• _Dataset section_:
* * *

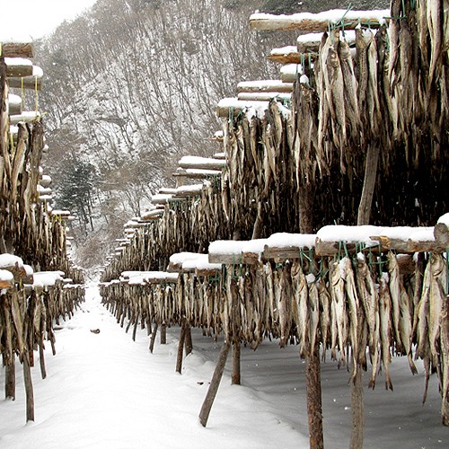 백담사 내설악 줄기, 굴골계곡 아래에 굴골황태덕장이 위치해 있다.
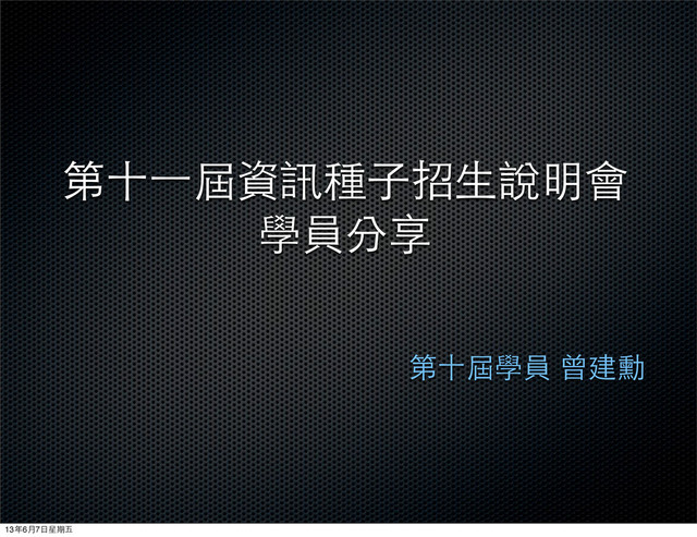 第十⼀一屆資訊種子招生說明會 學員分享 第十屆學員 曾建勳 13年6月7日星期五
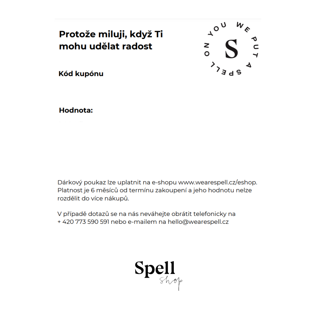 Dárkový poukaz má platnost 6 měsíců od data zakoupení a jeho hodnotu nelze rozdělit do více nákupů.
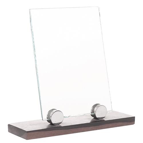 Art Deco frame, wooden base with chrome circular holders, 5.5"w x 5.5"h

* * *

Type out the data above again exactly as written, minus the images.

 백담사 내설악 줄기, 굴골계곡 아래에 굴골황태덕장이 위치해 있다.
 第十⼀一屆資訊種子招生說明會 學員分享 第十屆學員 曾建勳 13年6月7日星期五
 Dárkový poukaz má platnost 6 měsíců od data zakoupení a jeho hodnotu nelze rozdělit do více nákupů.
 Art Deco frame, wooden base with chrome circular holders, 5.5"w x 5.5"h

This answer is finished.